TASK REQUIREMENTS -
Look below for the line that contains "2014 인천아시안게임에 출전한" and the line that contains "リラクシーなハイウエストデザインで女性らしい印象に仕上げたタックパンツ。", then restate both of them and every line in between, exactly. No picture goes in the copy.
++++
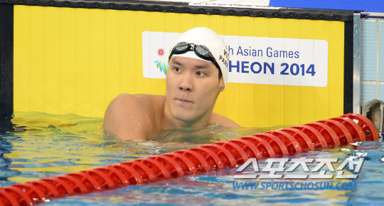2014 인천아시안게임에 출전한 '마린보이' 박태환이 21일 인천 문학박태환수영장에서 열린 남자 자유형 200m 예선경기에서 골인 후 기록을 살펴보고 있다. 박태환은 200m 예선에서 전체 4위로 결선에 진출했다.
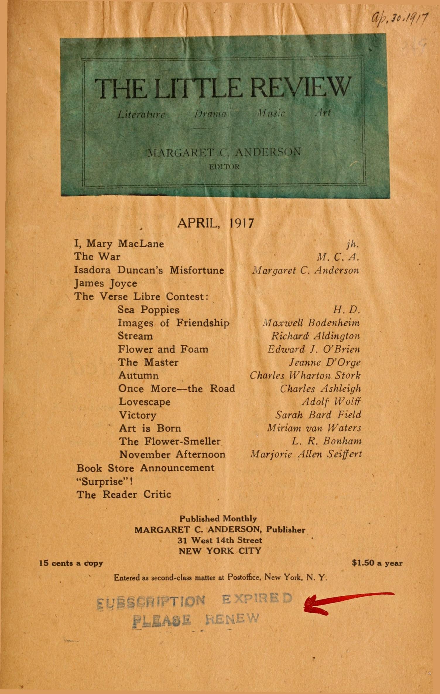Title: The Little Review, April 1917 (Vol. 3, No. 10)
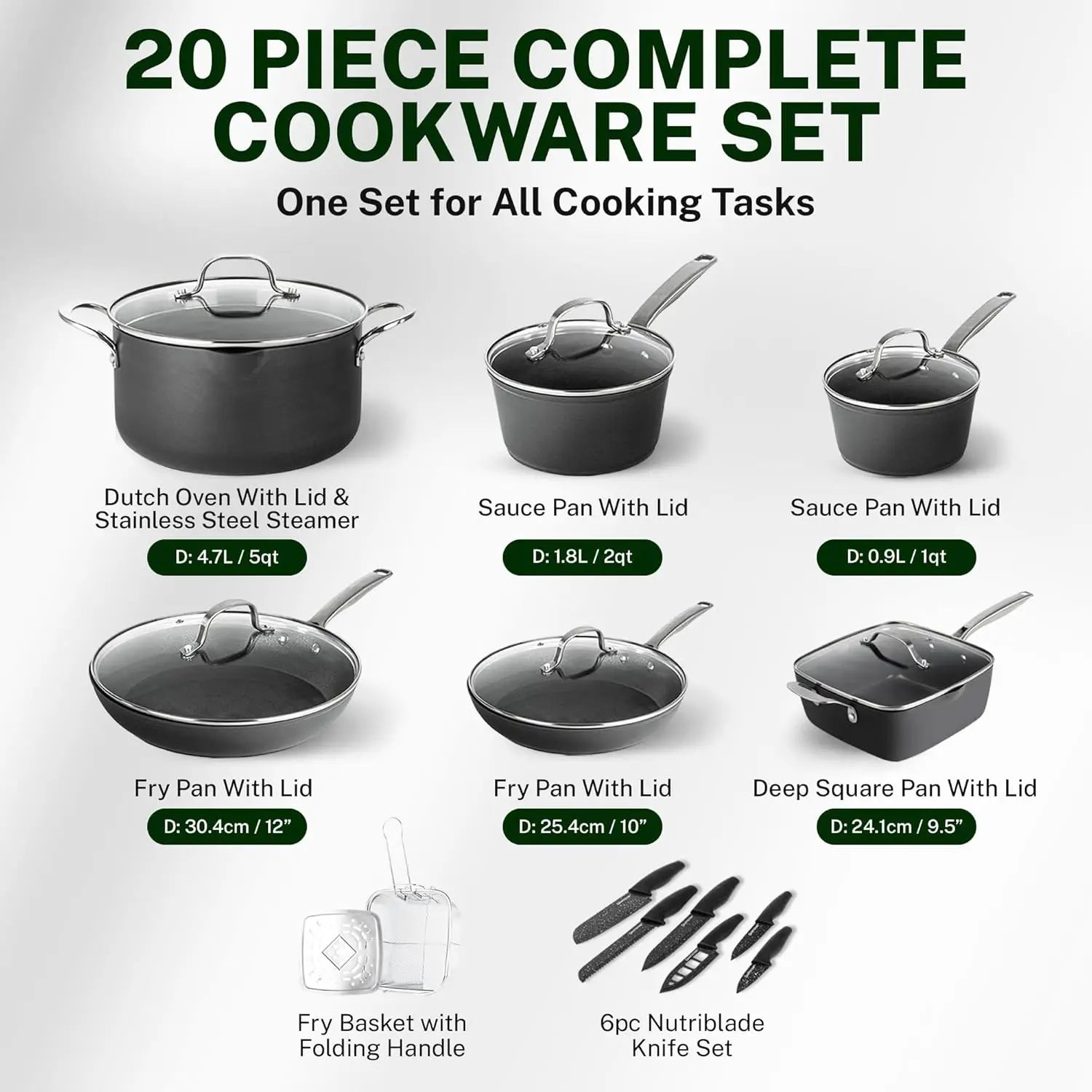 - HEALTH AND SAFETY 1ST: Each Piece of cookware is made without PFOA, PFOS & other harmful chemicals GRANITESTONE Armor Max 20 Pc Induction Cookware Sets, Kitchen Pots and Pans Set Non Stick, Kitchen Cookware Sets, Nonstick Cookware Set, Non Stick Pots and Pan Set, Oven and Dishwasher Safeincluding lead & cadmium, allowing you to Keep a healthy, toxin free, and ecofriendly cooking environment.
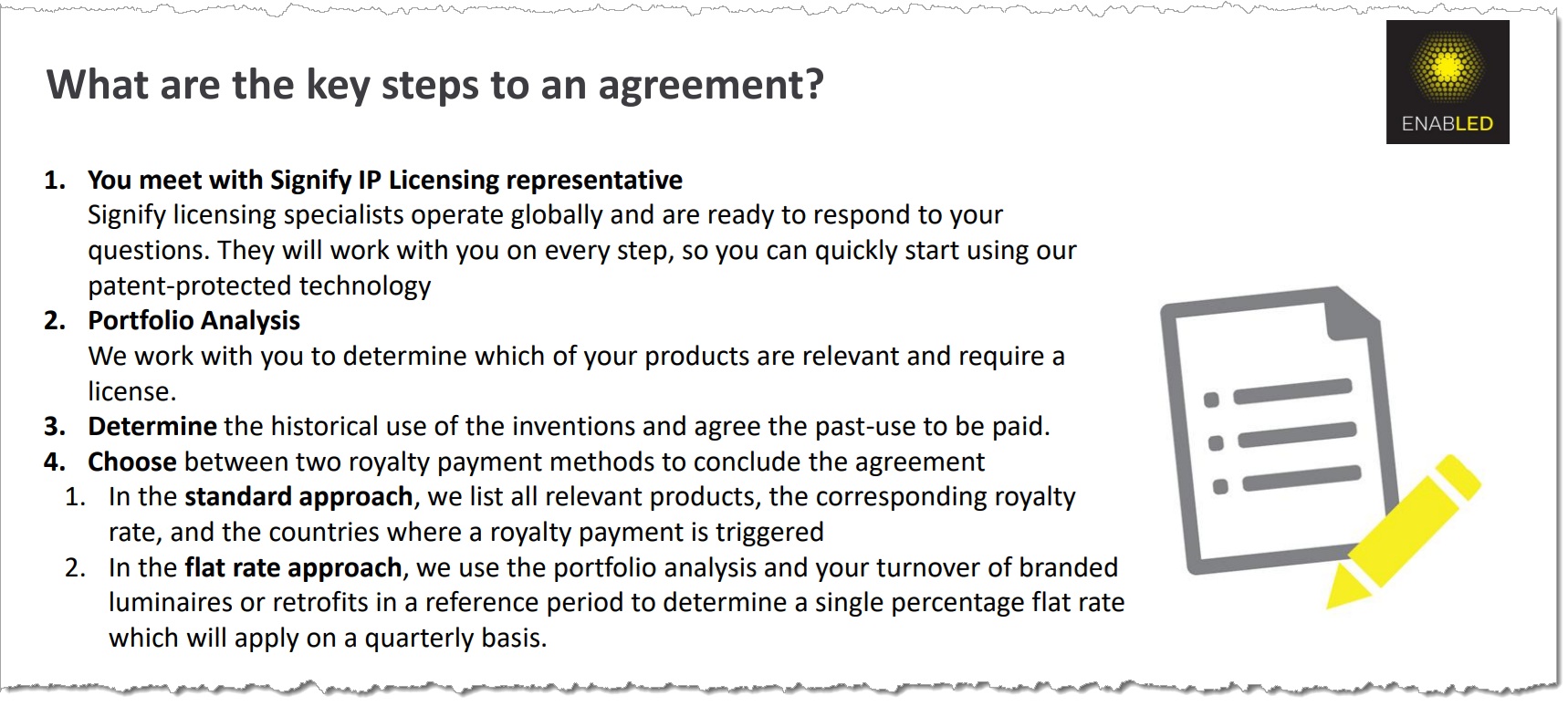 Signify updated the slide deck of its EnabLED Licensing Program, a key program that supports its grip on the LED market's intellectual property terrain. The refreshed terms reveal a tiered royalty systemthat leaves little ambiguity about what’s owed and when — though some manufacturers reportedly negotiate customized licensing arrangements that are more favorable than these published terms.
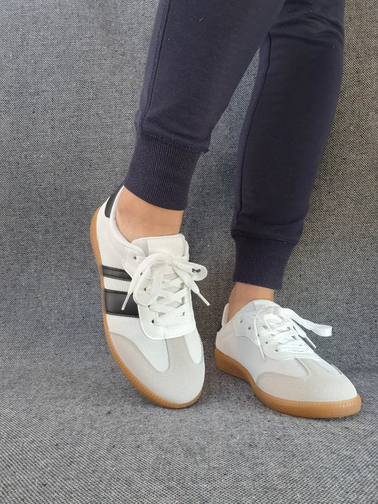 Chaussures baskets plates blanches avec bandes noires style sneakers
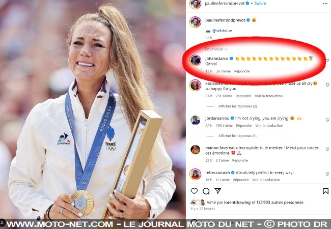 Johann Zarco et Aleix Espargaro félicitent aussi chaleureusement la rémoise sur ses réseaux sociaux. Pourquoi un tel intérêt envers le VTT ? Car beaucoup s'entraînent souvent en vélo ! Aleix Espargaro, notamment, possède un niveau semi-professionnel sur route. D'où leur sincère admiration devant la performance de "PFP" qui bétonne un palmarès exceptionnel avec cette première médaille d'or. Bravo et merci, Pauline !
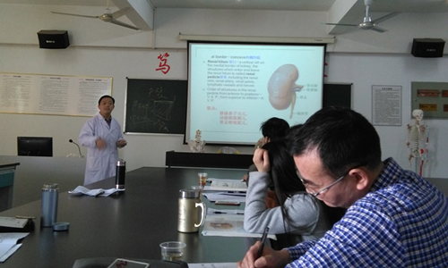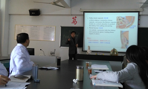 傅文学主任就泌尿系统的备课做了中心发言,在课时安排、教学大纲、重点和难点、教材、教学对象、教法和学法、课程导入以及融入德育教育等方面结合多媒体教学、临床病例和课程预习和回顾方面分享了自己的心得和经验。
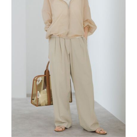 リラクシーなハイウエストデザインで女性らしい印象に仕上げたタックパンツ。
++++
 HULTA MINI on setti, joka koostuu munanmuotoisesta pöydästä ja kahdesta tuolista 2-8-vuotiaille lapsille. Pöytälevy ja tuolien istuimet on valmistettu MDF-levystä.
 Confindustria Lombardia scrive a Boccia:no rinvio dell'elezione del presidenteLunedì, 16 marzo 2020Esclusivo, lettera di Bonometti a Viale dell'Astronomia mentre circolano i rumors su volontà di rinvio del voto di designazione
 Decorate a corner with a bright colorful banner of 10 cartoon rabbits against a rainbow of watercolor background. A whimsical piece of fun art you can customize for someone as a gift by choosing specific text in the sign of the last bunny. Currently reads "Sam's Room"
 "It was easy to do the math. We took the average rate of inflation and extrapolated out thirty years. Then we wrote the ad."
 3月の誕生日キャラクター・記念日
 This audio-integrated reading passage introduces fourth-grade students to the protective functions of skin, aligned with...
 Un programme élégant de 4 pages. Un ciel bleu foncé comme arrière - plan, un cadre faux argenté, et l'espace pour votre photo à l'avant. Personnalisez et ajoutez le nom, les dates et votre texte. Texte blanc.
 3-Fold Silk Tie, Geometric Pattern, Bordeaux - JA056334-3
++++
ANSWER TO THE PROBLEM -
2014 인천아시안게임에 출전한 '마린보이' 박태환이 21일 인천 문학박태환수영장에서 열린 남자 자유형 200m 예선경기에서 골인 후 기록을 살펴보고 있다. 박태환은 200m 예선에서 전체 4위로 결선에 진출했다.
Title: The Little Review, April 1917 (Vol. 3, No. 10)
 - HEALTH AND SAFETY 1ST: Each Piece of cookware is made without PFOA, PFOS & other harmful chemicals GRANITESTONE Armor Max 20 Pc Induction Cookware Sets, Kitchen Pots and Pans Set Non Stick, Kitchen Cookware Sets, Nonstick Cookware Set, Non Stick Pots and Pan Set, Oven and Dishwasher Safeincluding lead & cadmium, allowing you to Keep a healthy, toxin free, and ecofriendly cooking environment.
 Signify updated the slide deck of its EnabLED Licensing Program, a key program that supports its grip on the LED market's intellectual property terrain. The refreshed terms reveal a tiered royalty systemthat leaves little ambiguity about what’s owed and when — though some manufacturers reportedly negotiate customized licensing arrangements that are more favorable than these published terms.
 Chaussures baskets plates blanches avec bandes noires style sneakers
 Johann Zarco et Aleix Espargaro félicitent aussi chaleureusement la rémoise sur ses réseaux sociaux. Pourquoi un tel intérêt envers le VTT ? Car beaucoup s'entraînent souvent en vélo ! Aleix Espargaro, notamment, possède un niveau semi-professionnel sur route. D'où leur sincère admiration devant la performance de "PFP" qui bétonne un palmarès exceptionnel avec cette première médaille d'or. Bravo et merci, Pauline !
 傅文学主任就泌尿系统的备课做了中心发言,在课时安排、教学大纲、重点和难点、教材、教学对象、教法和学法、课程导入以及融入德育教育等方面结合多媒体教学、临床病例和课程预习和回顾方面分享了自己的心得和经验。
 リラクシーなハイウエストデザインで女性らしい印象に仕上げたタックパンツ。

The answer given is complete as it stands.